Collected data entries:
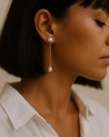 Orecchini Teri placcati in oro con perla coltivata bianca
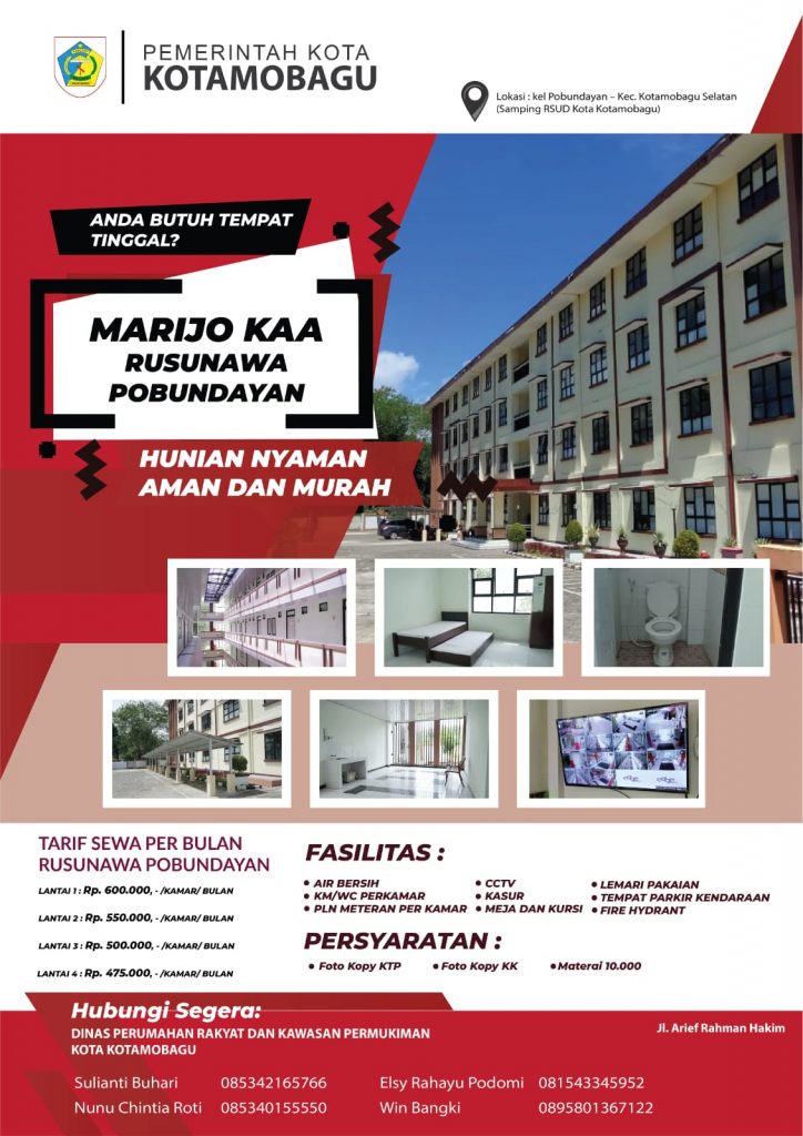 “Bagi masyarakat yang ingin menyewa Rusunawa, bisa langsung datang ke kantor Dinas PRKP Kota Kotamobagu di Jalan Arif Rahman Hakim Kelurahan Kotamobagu, dengan hanya membawa foto copy Kartu Tanda Penduduk dan Kartu Keluarga,” ujarnya.
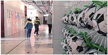越来越多的中小学校已将足球运动融入到了校园文化当中。图为沂源县悦庄镇赵庄小学教学楼走廊的文化墙上陈列着孩子们的足球。
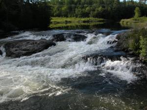 Little Rapids is a small waterfall located in the town of Little Rapids, a few kilometers north of Thessalon. The Little Thessalon river tumbles over a series of small drops, with a total drop of about 4m. There are two distinct sections to the falls, one just below the dam, and the other a short distance downstream by an old hydroelectric plant. There are rough trails between the two along the river banks.
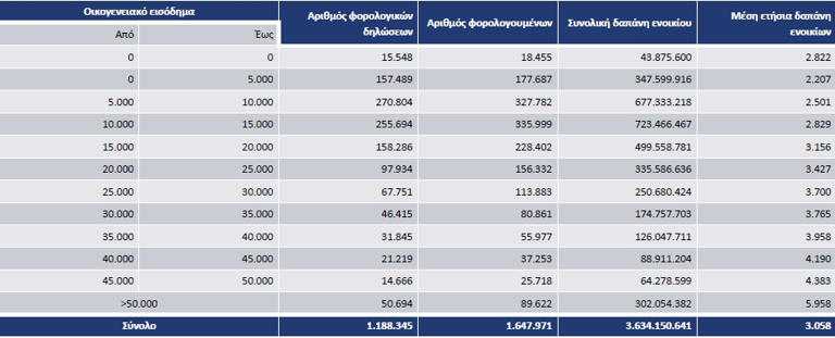Αυτό σημαίνει ότι η μέση ετήσια δαπάνη ενοικίων διαμορφώνεται σε ποσό μόλις 3.048 ευρώ, δηλαδή δηλώνεται μια δαπάνη ενοικίου, κατά μέσο όρο, μόλις 255 ευρώ!
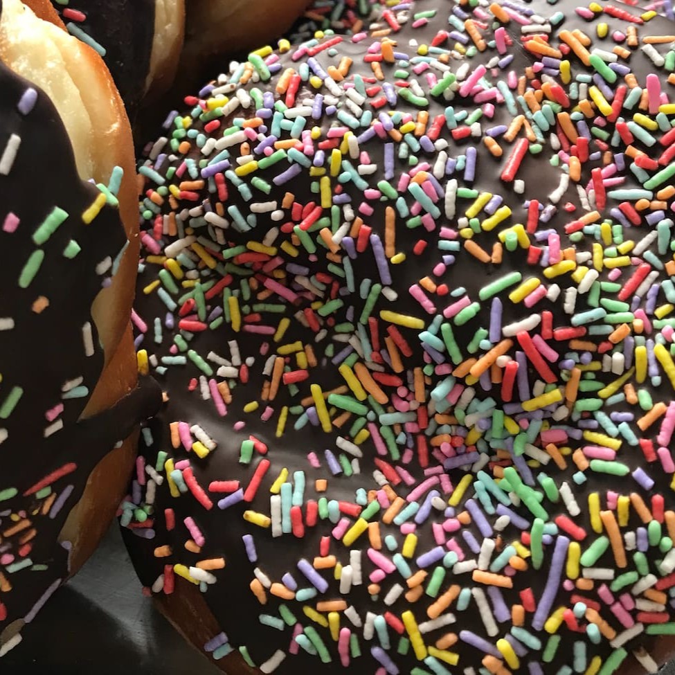 Rosquinha com cobertura de chocolate e granulado colorido.
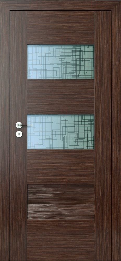 Interiérové dvere PORTA DOORS - NATURA KONCEPT.Dostupné prevedenia:.jednokrídlové dvere .dvojkrídlové dvere.posuvné jednokrídlové dvere.posuvné dvojkrídlove dvere.bezfalcové dvere.Povrchová úprava:.Prírodná dýha Natural Select - Dub, Orech tmavý.Prírodná dýha Natural Standard - Dub 1.Prírodná dýhaNatural Satin - Tabacco, Mocca, Nero, Dub svetlý, Dub Winchester, Dub hnedý, Biela (štruktúra dreva).Výplň krídla: .rámová konštrukcia dreveného krídla je zhotovená z kvalitných drevených materiálov, odolných proti prehnutiu, a to použitím viacvrstvovej lepenej drevenej konštrukcie.Hrúbka krídla - 40 mm.Hrana - Technológia Standard - rovné hrany dverí.Presklenie v presklených modeloch - matné tvrdené sklo.Krídlo zahrňa:.Zámok - BB zámok, WC zámok, PZ zámok, Bez otvoru, Hákový zámok, Bez hákového zámku (Podľa vlastného výberu).Závesy (Pánty) - SK norma = 3ks, PL norma = 2ks.Plusy:.zámok a závesy bez doplatku.možnosť výberu aj PL normy, ak nie je otvor pripravený na SK normu.moderný dizajn.Mínusy:.Váha dverí.
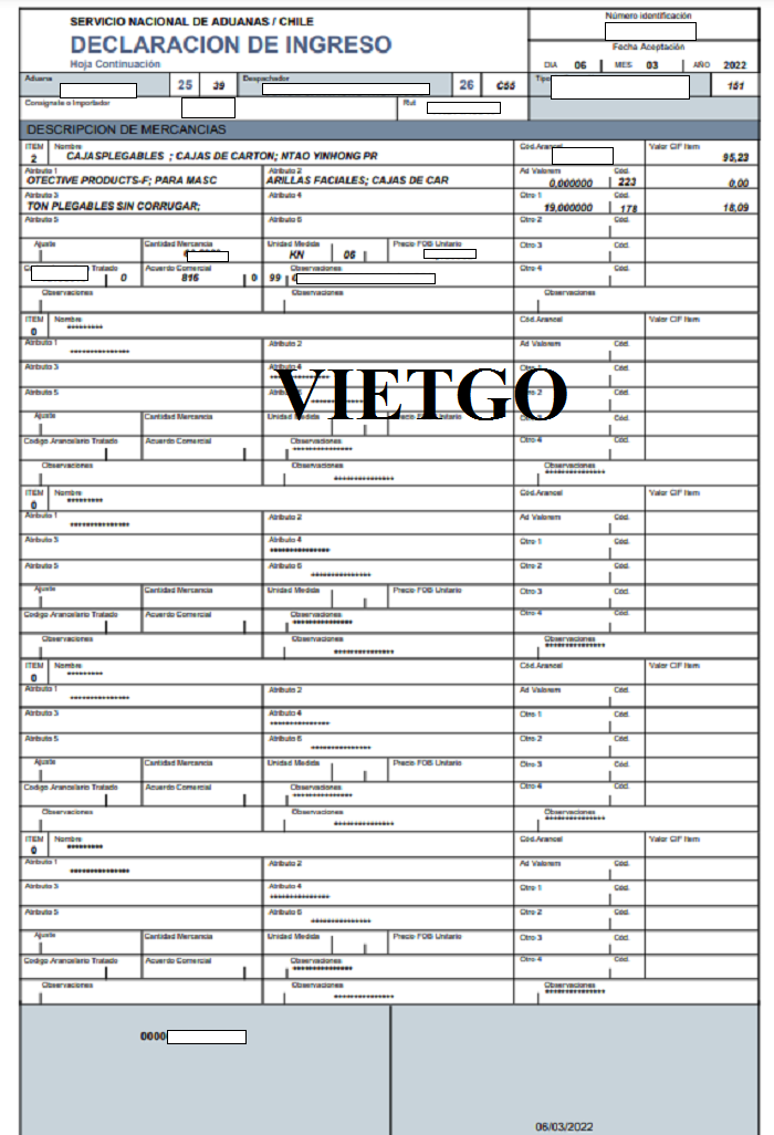 Hình ảnh tờ khai hải quan nhập khẩu sản phẩm khẩu trang từ thị trường Trung Quốc vào ngày 31/12/2021 do vị khách hàng cung cấp

> _Goal of the exercise_
Beginning with the first line of the records and ending with the line that contains "Rosquinha com cobertura", reproduce every line exactly, omitting pictures and adding nothing.

> _Result of this task_
 Orecchini Teri placcati in oro con perla coltivata bianca
 “Bagi masyarakat yang ingin menyewa Rusunawa, bisa langsung datang ke kantor Dinas PRKP Kota Kotamobagu di Jalan Arif Rahman Hakim Kelurahan Kotamobagu, dengan hanya membawa foto copy Kartu Tanda Penduduk dan Kartu Keluarga,” ujarnya.
越来越多的中小学校已将足球运动融入到了校园文化当中。图为沂源县悦庄镇赵庄小学教学楼走廊的文化墙上陈列着孩子们的足球。
 Little Rapids is a small waterfall located in the town of Little Rapids, a few kilometers north of Thessalon. The Little Thessalon river tumbles over a series of small drops, with a total drop of about 4m. There are two distinct sections to the falls, one just below the dam, and the other a short distance downstream by an old hydroelectric plant. There are rough trails between the two along the river banks.
Αυτό σημαίνει ότι η μέση ετήσια δαπάνη ενοικίων διαμορφώνεται σε ποσό μόλις 3.048 ευρώ, δηλαδή δηλώνεται μια δαπάνη ενοικίου, κατά μέσο όρο, μόλις 255 ευρώ!
 Rosquinha com cobertura de chocolate e granulado colorido.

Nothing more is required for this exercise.